As Arkady remembered, he had been merely shirtless, maybe barefoot when he answered her knock. The odd thing was that he rarely carried a gun. He didn’t know why he had picked it up that time, except that he must have heard a scuffle in the hall. Anya had not been frightened then and wasn’t now; she seemed to be a small person who enjoyed keeping larger people off balance. “You didn’t say how you feel about the rich.”
“How rich?” Arkady asked.
“Millionaires. I don’t mean small-time millionaires. I mean at least two hundred or three hundred million or more. Or billionaires.”

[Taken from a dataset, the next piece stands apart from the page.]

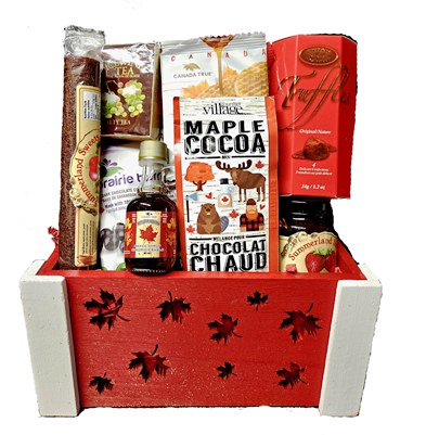 A red and white crate with cut our maples leaves will contain everything Canadian Maple Gourmet popcorn, Sask. Lentil Snacks, Delicious Maple Syrup, Ice Wine Tea, Summerland Fruit Snack, Summerland Strawberry Jam, Chili Lime Peanuts, Chocolate covered Saskatoon Berries, Delicate Truffle Chocolates, Canterbury Coffee, Maple Hot Chocolate, Maple Stroop Wafer.

“There are actual billionaires here tonight? That makes me feel less like a dog and more like a speck on the windshield.”
“How did you get in?”
“By invitation,” Arkady said.
“Invited by whom?”
“I don’t know. That’s the question.”
Something was happening onstage. Anya stood on tiptoe.
“I can’t see a thing. Come on.” She started up the stairs.
The mezzanine was done up as the diamond mine of the dwarfs in Disney’s Snow White, which had been huge in Russia, except that here the gems were bottle glass and there was only one dwarf and he was drunk, still wearing a rubber mask and passed out on the floor. Dopey.
Anya motioned Arkady to sit and they joined a man on a cell phone at a front table. A steely bodyguard sat behind and scanned the crowd. Since when did Russians mousse their hair? Arkady felt increasingly inept and unkempt.
“Vaksberg,” the man at the table identified himself, and immediately turned his attention back to an argument on the phone. He seemed patient and soft-spoken. He had an expensive tan and a black goatee and was known to the public more fully as Alexander “Sasha” Vaksberg, the Prince of Darkness.
He snapped his phone shut.
“A year ago we had over a hundred billionaires in Moscow. Today there are less than thirty. So it’s the best of times, the worst of times and sometimes it’s just the shits. It turns out we don’t know how to run capitalism. That’s to be expected. As it happens, nobody knows how to run capitalism. That was a bad surprise. Cigarette?”
Vaksberg pushed across the table a slim pack that said Dunhill Personal Blend for Alexander Vaksberg.
“Vanity cigarettes. I never saw that before.” Arkady lit one. “Excellent.”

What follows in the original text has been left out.